Il leur faudra des compétences cognitives plus poussées comme l’esprit d’entreprise, la créativité et l’innovation, mais aussi des compétences en intelligence sociale et émotionnelle, telles que la résilience, l’adaptabilité et l’esprit de croissance. Pour relever à l’avenir certains défis mondiaux parmi les plus urgents, l’éducation devra se concentrer sur le développement de ces compétences.

La pandémie marque un tournant dans l’histoire de l’humanité. C’est le moment de repenser en profondeur l’éducation pour les générations futures dans un monde post-Covid. Cela requiert un effort collectif de toutes les parties prenantes pour réfléchir sérieusement et consciencieusement à ces questions afin de prendre les mesures nécessaires pour y répondre.

 

BOX – Une Coalition mondiale pour assurer la continuité pédagogique

La situation est inédite : du jour au lendemain, pour contenir la pandémie, les écoles de plus de 190 pays dans le monde ont fermé leurs portes. À la mi-avril, 1,57 milliard d’enfants et de jeunes, soit 90 % des effectifs scolaires mondiaux, étaient déscolarisés. Cette crise de l’éducation a affecté de manière disproportionnée les élèves vulnérables et défavorisés, pour lesquels l’école joue aussi un rôle clé en matière de nutrition, de santé, voire de soutien affectif.

C’est pour assurer la continuité pédagogique pendant la crise sanitaire que l’UNESCO a lancé, le 26 mars, la Coalition mondiale pour l’éducation.

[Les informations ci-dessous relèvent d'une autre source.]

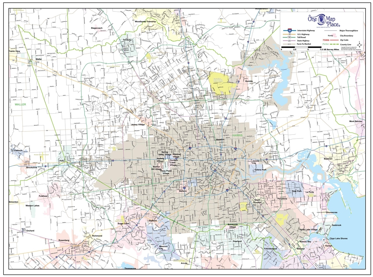 Houston Harris County Major Thoroughfare Wall Map Showing City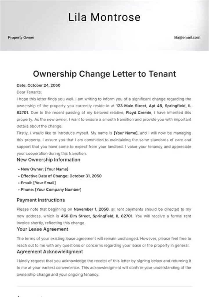 How do I inform tenants of new ownership?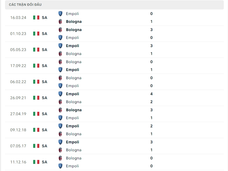 Lịch sử thi đấu của Bologna vs Empoli

Son objectif : mettre en commun les ressources d’un grand nombre d’acteurs privés et publics afin d’aider  les pays à développer des solutions d’enseignement à distance équitables, assurer des réponses coordonnées et faciliter le retour des élèves à l’école lors de la réouverture des établissements.

Une centaine d’institutions des Nations Unies, d’organisations internationales, d’entreprises du secteur privé – parmi lesquelles Microsoft, Google, Weidong ou KPMG –, des représentants de la société civile et des médias ont pris part à cette initiative.

Des opérateurs de téléphonie mobile, comme Orange ou Vodafone, se sont également joints à la Coalition. Ils ont consenti d’importants efforts pour accroître la connectivité et fournir un accès gratuit aux contenus éducatifs en ligne.  Car si la proportion de jeunes n’ayant pas accès à Internet à la maison est inférieure à 15 % en Europe occidentale et en Amérique du Nord, elle atteint 80 % en Afrique subsaharienne. Bien que les téléphones mobiles permettent aujourd’hui aux apprenants d’accéder à l’information, de se connecter à la fois avec leurs enseignants et entre eux, environ 56 millions d’élèves vivent dans des lieux non desservis par les réseaux mobiles, dont près de la moitié en Afrique subsaharienne.

En tant que membre de la Coalition, l’UNESCO a notamment assuré le suivi au niveau mondial des fermetures nationales ou localisées des établissements scolaires et du nombre d’élèves concernés. Elle a également mis en place des webinaires hebdomadaires à destination des responsables des ministères de l’Éducation sur la réponse éducative à la pandémie de Covid-19.